Song by Kanye West
- Written: 2011
- Recorded: 2011–2014
- Genre: Alternative R&B; ballad;
- Length: 4:35
- Songwriters: Kanye West; Chauncey Hollis Jr.; Jeffrey Lee Johnson; Michael Dean;
- Producers: Hit-Boy; Mike Dean;

= Awesome (song) =

Unreleased song by Kanye West

"Awesome" is an unreleased song by American rapper Kanye West. It was recorded between 2011 and 2014 during sessions for multiple projects, including Watch the Throne (2011) and Yeezus (2013). West wrote the song with Roscoe Dash, Hit-Boy, and Mike Dean, with the latter two producing the track. Composed of synthesized horns, "Awesome" is a ballad dedicated to West's then-partner, American media personality Kim Kardashian, with West singing about the various ways he finds her "awesome". Later versions of the song feature backing vocals from American singer Charlie Wilson.
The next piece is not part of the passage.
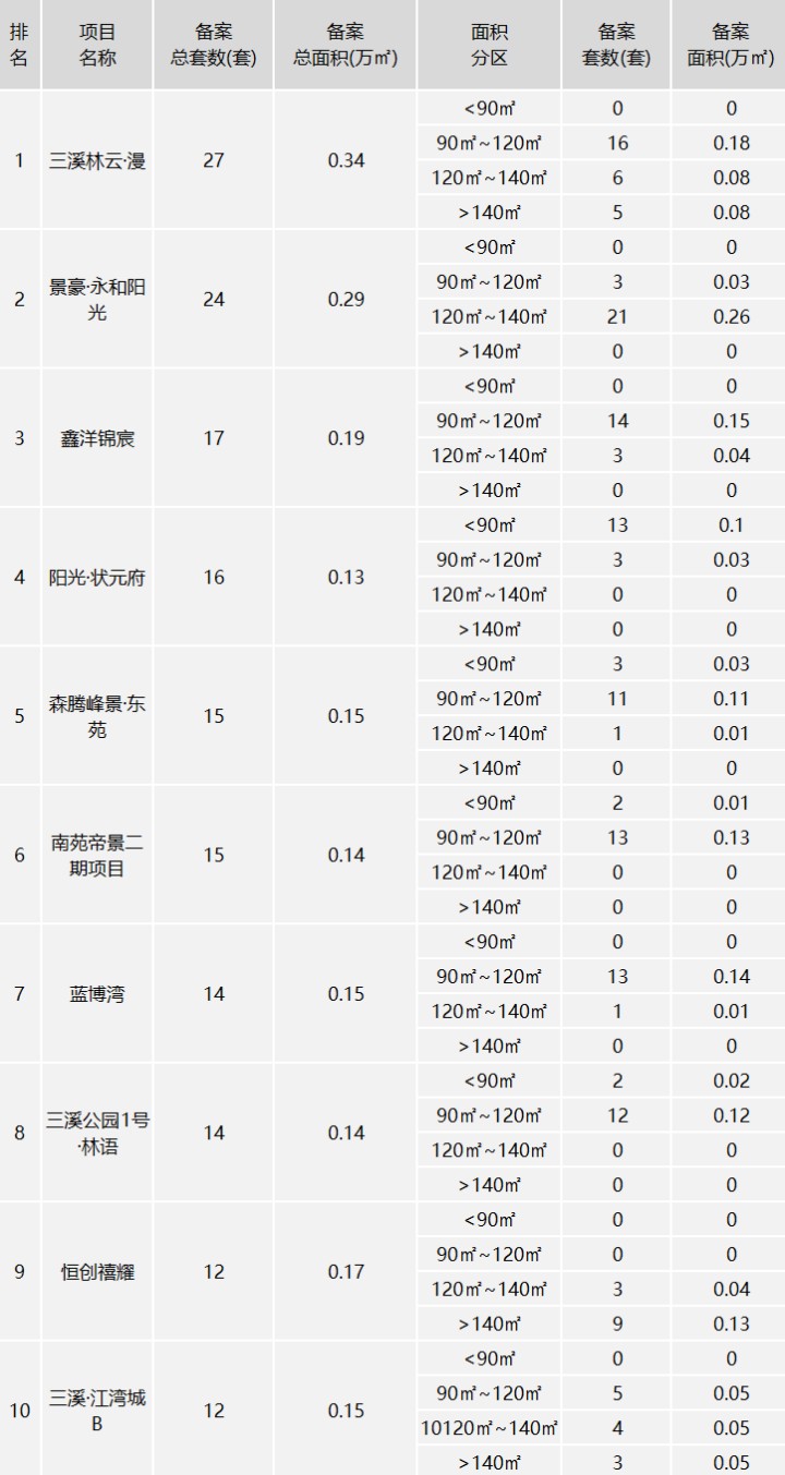 根据公告显示,2025年8月泸州市主城区新建商品住房销售前10的项目,合计备案166套,备案面积1.86万平方米,前3名分别是三溪林云·漫、景豪·永和阳光、鑫洋锦宸。来看看本月哪10个楼盘卖的好。

West debuted "Awesome" during his performance at the 2013 Met Gala, where he performed it alongside several songs from Yeezus. West played it at several other events from 2013–2014, and the song's studio recording was later previewed during an episode of Keeping Up with the Kardashians. In March 2015, it leaked online.

"Awesome" received generally negative reviews from music critics, with many split on West's lyricism and vocal performance. Some reviewers found his lyrics romantic, considering them a charming expression of love, while most criticized them as cheesy and panned West's use of AutoTune.
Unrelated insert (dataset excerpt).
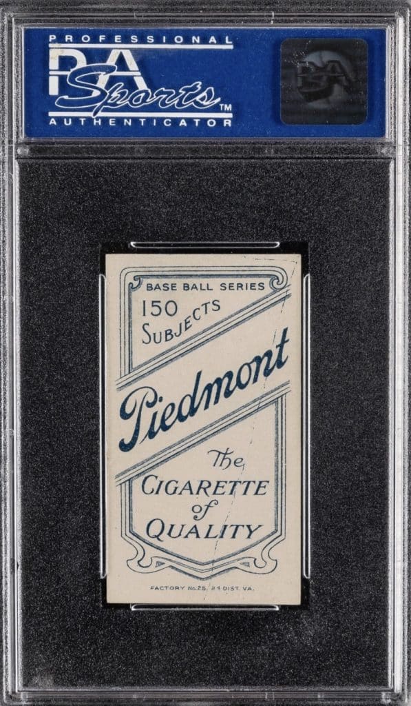 Here’s a beautiful PSA 5 Ty Cobb Bat On Shoulder Card which at first glance i thought seems like it could be worthy of a higher grade, probably a PSA 6 or even a PSA 7. However in examining the back of the card, there appears to be a blue print or ink line. For most T206 collectors, that line means nothing, however for a grader, it puts the card in the penalty box. This card definitely earns eye appeal but probalby not a regrade candidate.

== Background and recording ==
West originally recorded "Awesome" in 2011, during sessions for he and Jay-Z's collaborative studio album, Watch the Throne (2011). In April 2012, West began dating reality television star Kim Kardashian, with whom he had already been long-time friends. West and Kardashian became engaged in October 2013, and married at Fort di Belvedere in Florence in May 2014. Their private ceremony was subject to widespread mainstream coverage, with which West took issue.
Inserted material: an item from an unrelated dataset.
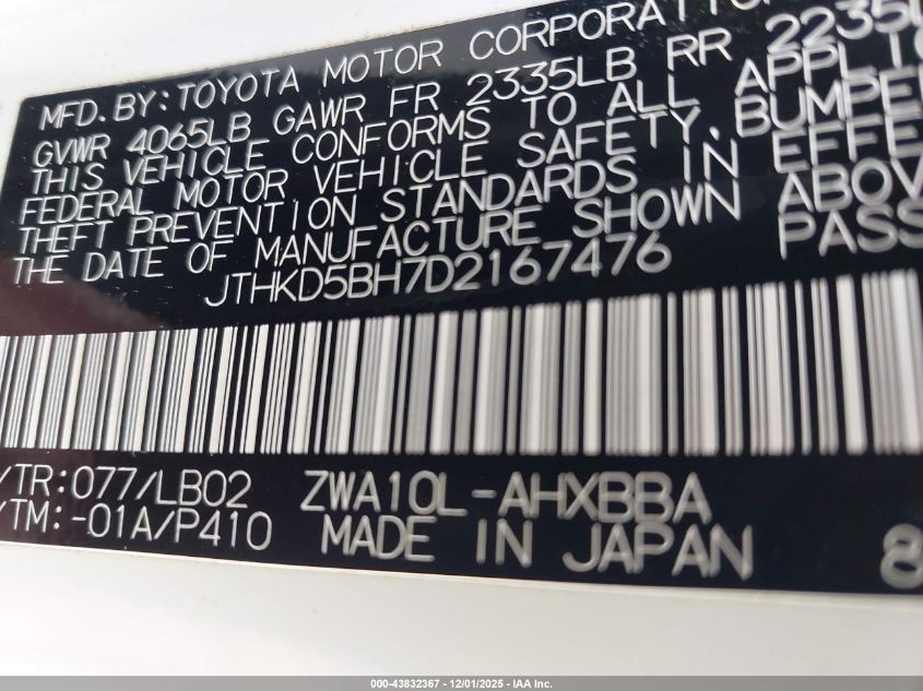 Колір БілийЦиліндри 4Привід Передній привідVIN JTHKD5BH7D2167476Стан Заводиться та їде (перевірено)Ушкодження Звичайний зносДата аукціону 2025-12-09 AutoRIA

West first premiered "Awesome" live at the 2013 Met Gala alongside tracks from his then-upcoming album Yeezus (2013), though it ended up not appearing on the album after its release. Two snippets of the song were later featured in the 2014 Keeping Up with the Kardashians wedding episode documenting West and Kardashian's marriage. In the episode, it was revealed that West was excited to share "Awesome" with Kardashian when they were at a studio session. "Awesome" leaked online in March 2015, with West's frequent co-writer Malik Yusef alleging via Twitter that the song leaked due to West's laptop being stolen, which was likely while he was visiting Paris for Paris Fashion Week. Due to Yusef's post gaining traction, Def Jam issued a statement regarding both subjects, stating that West's laptop was still in his possession and that "Awesome" leaking online "was unrelated and completely coincidental." Two alternate versions of the song leaked online in October 2022.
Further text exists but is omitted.